| Requirement |
Using the listing below, give again exactly the lines from the line with "Wie durft. | |" to the line with "Bishop Joseph Tyson", inclusive, without the pictures.

| Exercise input |
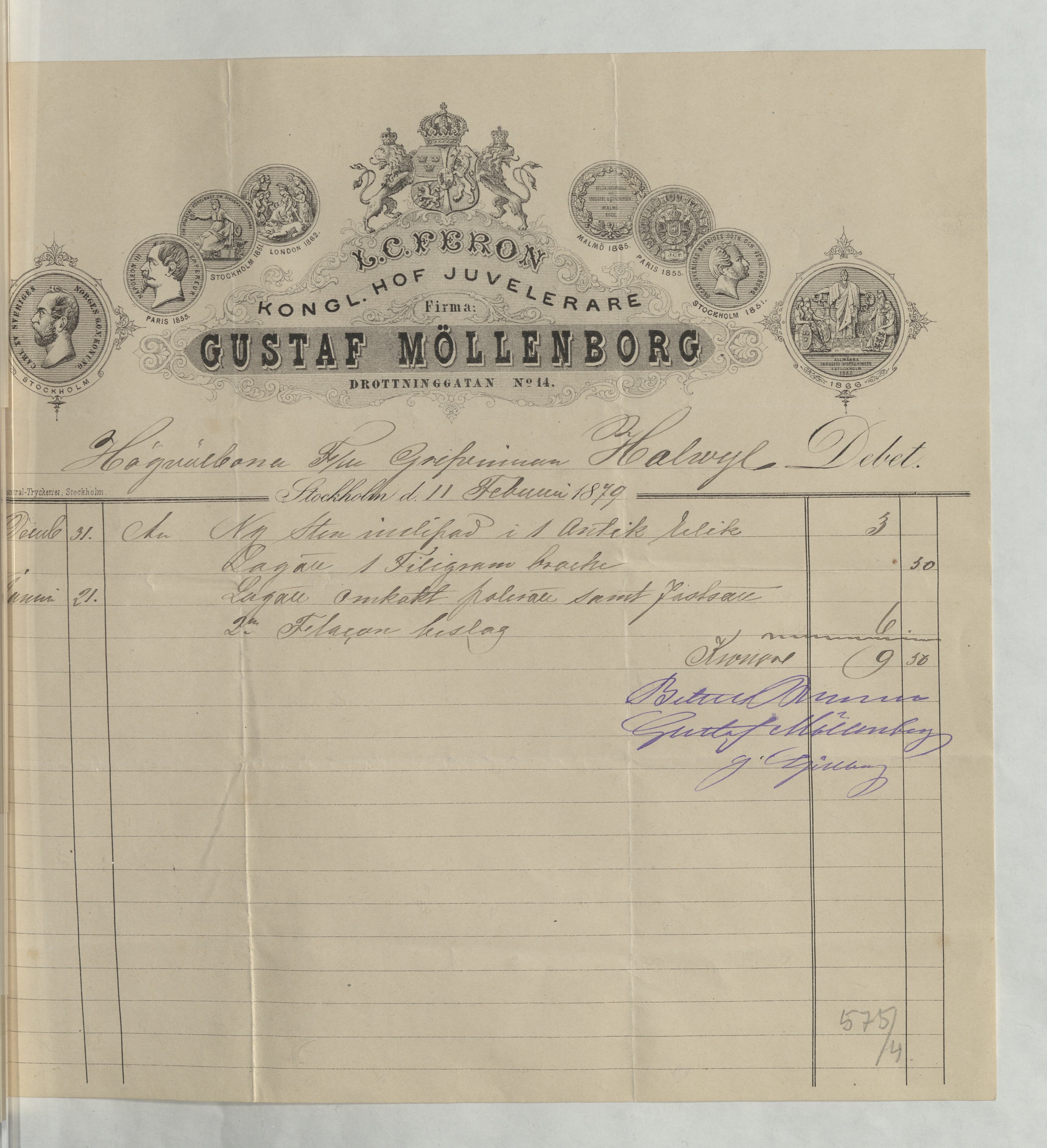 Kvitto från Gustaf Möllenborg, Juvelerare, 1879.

...

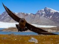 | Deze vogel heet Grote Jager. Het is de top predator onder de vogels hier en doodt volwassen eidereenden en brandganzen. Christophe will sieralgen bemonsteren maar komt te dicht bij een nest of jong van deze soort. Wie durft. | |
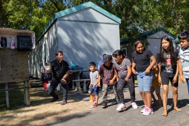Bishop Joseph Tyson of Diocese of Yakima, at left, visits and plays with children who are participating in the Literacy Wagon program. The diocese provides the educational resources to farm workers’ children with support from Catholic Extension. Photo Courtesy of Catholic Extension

| Answer area |
 | Deze vogel heet Grote Jager. Het is de top predator onder de vogels hier en doodt volwassen eidereenden en brandganzen. Christophe will sieralgen bemonsteren maar komt te dicht bij een nest of jong van deze soort. Wie durft. | |
Bishop Joseph Tyson of Diocese of Yakima, at left, visits and plays with children who are participating in the Literacy Wagon program. The diocese provides the educational resources to farm workers’ children with support from Catholic Extension. Photo Courtesy of Catholic Extension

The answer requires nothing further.